A pesquisa foi desenvolvida entre 2022 e 2023 nos municípios de Sena Madureira e Rio Branco, no Acre, sob coordenação do professor Francisco Glauco de Araújo Santos, do Centro de Ciências Biológicas e da Natureza (CCBN), integrando a dissertação de mestrado de Liliane de Souza Anadão, do Programa de Pós-Graduação em Sanidade e Produção Animal Sustentável na Amazônia (PPGSPASA).
O estudo entrevistou 78 famílias e analisou 23 fígados de pacas abatidas para consumo. Em 48% das amostras foram identificados cistos hidáticos causados pelo parasita. A pesquisa também apontou que a maioria dos cães das comunidades participa das caçadas e consome vísceras cruas dos animais.
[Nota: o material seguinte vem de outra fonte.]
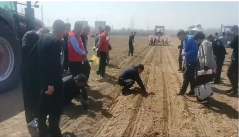 2024年4月12日,我廠生產(chǎn)的2BMYFS-6型氣吸式高性能玉米單粒精量播種機(jī)參加了濟(jì)南市農(nóng)業(yè)機(jī)械技術(shù)推廣站組織的在章丘龍山鎮(zhèn)召開(kāi)的“濟(jì)南市高性能精播精作機(jī)械作業(yè)演示現(xiàn)場(chǎng)會(huì)暨農(nóng)機(jī)地頭展”。企業(yè)李文華銷售經(jīng)理介紹了產(chǎn)品機(jī)構(gòu)、性能特點(diǎn)和使用注意事項(xiàng),并進(jìn)行了現(xiàn)場(chǎng)演示。2BMYFS-6型氣吸式高性能玉米單粒精量播種機(jī)采用進(jìn)口風(fēng)機(jī)和排種器,風(fēng)力穩(wěn)定可靠,確保不漏種;進(jìn)口排種器采用兩面清種,確保單粒排種;并且產(chǎn)品已獲得農(nóng)業(yè)機(jī)械鑒定證書,購(gòu)買可享受國(guó)家農(nóng)機(jī)購(gòu)置補(bǔ)貼。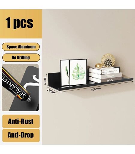 Étude Salon Bricolage Étagère,Étagère Décorative,Métal Aluminium Matériel Décoration Monocouche Étagère,Salle De Bain Toilette Étagère Murale Étagères Flottantes Pour Le Rangement - Type Black-50cm

Segundo os pesquisadores, o principal risco de transmissão ocorre quando cães infectados eliminam ovos do parasita no ambiente, contaminando solo, água e alimentos.
“O principal risco está associado ao descarte inadequado das vísceras e ao contato com ambientes contaminados pelas fezes de cães infectados”, destacou o professor Francisco Glauco.
O estudo reforça a necessidade de ações de vigilância e educação em saúde nas comunidades rurais, principalmente relacionadas ao manejo de cães e ao descarte adequado das vísceras dos animais abatidos.
Para o pesquisador Leandro Siqueira, doutor em Medicina Tropical pela Fiocruz e coautor do estudo, a pesquisa amplia o conhecimento sobre a transmissão da doença na Amazônia e pode contribuir para futuras ações de prevenção e diagnóstico na região.